O LOBO DE WALL STREET

Vendam-me a alma
Elena Rossato

«Chamo-me Jordan Belfort. No ano em que completei 26 anos ganhei 49 milhões de dólares, o que me deixou furioso, porque faltavam-me só três para ter obtido uma média de um milhão por semana». Com este começo, Martin Scorsese (realizador) e Leonardo di Caprio (o fantástico protagonista), catapultam-nos para o “inferno”. Um inferno feito de casas de luxo, iates, sexo, dinheiro, droga.

O filme é a história, nua, cruíssima, e até demasiado real, da ascensão e queda de Jordan Belfort, um tubarão da finança, o “lobo” de Wall Street, como foi apelidado por uma jornalista da Forbes. Não há redenção no filme, só factos, uma orgia de factos que nos engole, que nos arrasta cada vez mais para baixo, que nos tira o ar. Encontramo-nos no coração pulsante da finança, da economia, e como a economia é a grande ciência do limite (recursos escassos, desejos infinitos), inconscientemente Scorcese coloca-nos diante da tentação de todos os homens: «Dar-te-ei isto tudo, se tu, ajoelhando-te, me adorares». Esta exigência peremptória ouve-se primeiro calmamente e, depois, é quase que gritada nas cenas de depravação cada vez mais alucinantes que se sucedem a um ritmo premente. No início é um murmúrio, é a voz cheia de realismo da mulher que, inconsciente, diz a Jordan: «Mas tu não podes ser repositor, és demasiado ambicioso», depois é o exército de jovens que lhe pedem para trabalhar com ele, depois são os primeiros sucessos obtidos enganando os clientes… entretanto, o tom da exigência aumenta, e com isso a ambição, a necessidade de sexo, de droga, até já não restar nada de humano.

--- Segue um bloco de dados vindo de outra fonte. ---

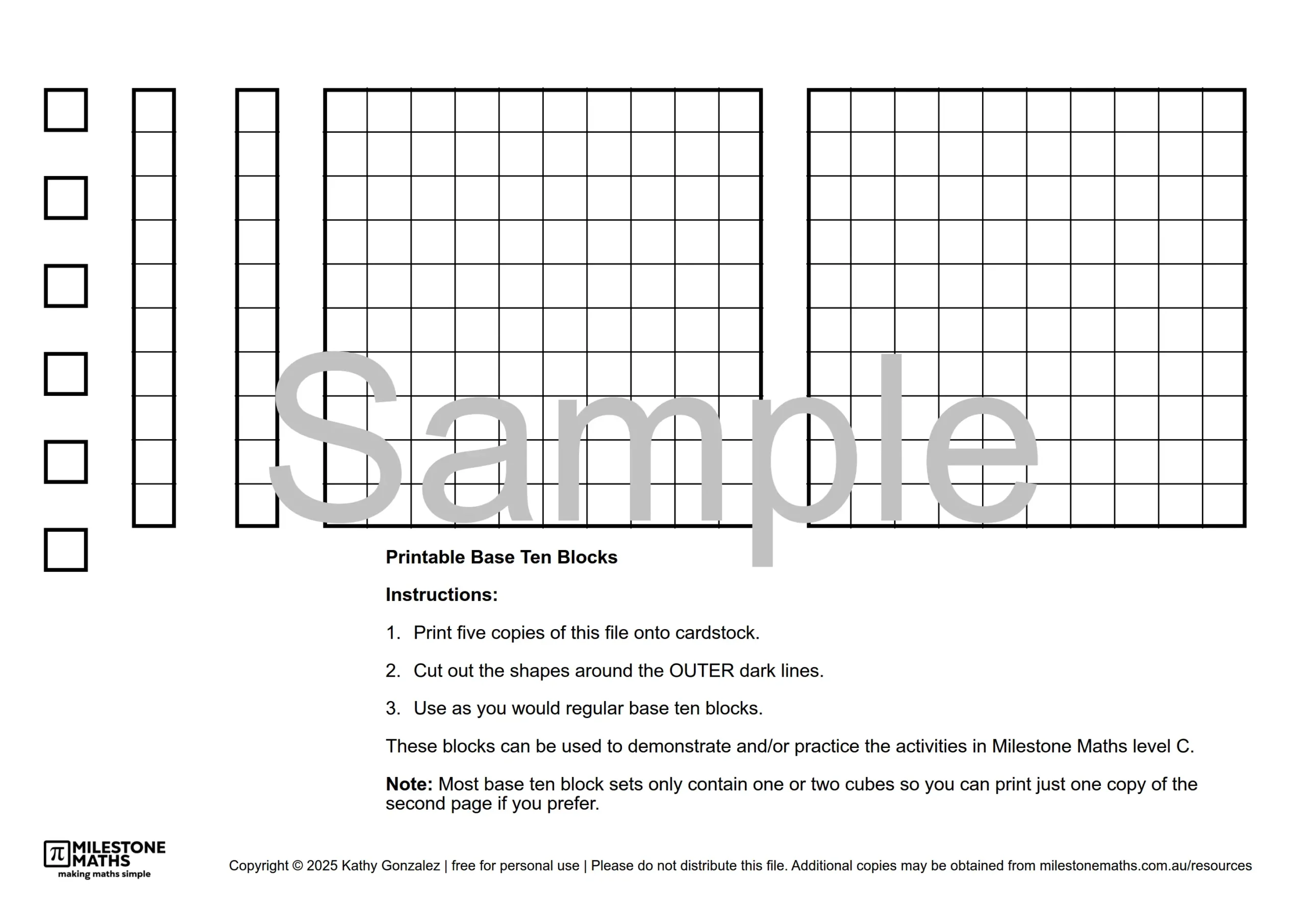 This FREE downloadable file allows you to print your own base ten block set at home for a very affordable and compact alternative to traditional wood sets.
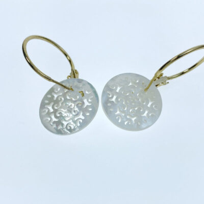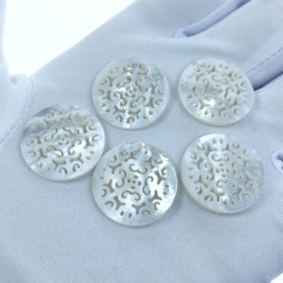 2pc Filigree Round Beads White Mother Of Pearl Pendants WM-0148

E é então que vemos Jordan , drogado, obrigado a rastejar por terra como um verme para chegar ao seu próprio Porsche; vemo-lo em pânico, no meio duma tempestade em alto mar, pedindo droga porque não quer morrer “consciente”; vemos a equipa dos “brokers” a uivar e a bater no peito como macacos.

Jordan Belfort será detido pelo FBI, aceitará colaborar, cumprirá 22 meses de prisão e voltará a trabalhar na área da “motivação” no mercado de vendas. Esta exigência, porém, no fim do filme, será dirigida também a nós. Duas cenas que se contrapõem; dum lado, vemos o agente do FBI que deteve Jordan, um homem honesto, pobre, que para regressar a casa apanha o metro, onde vê tantos outros, pobres como ele; do outro lado, Jordan, que joga ténis numa prisão de luxo e, depois de sair, no papel dum “guru” das vendas que pede à plateia: «Venda-me esta caneta», «…dê-me a alma»: cabe-nos a nós escolher.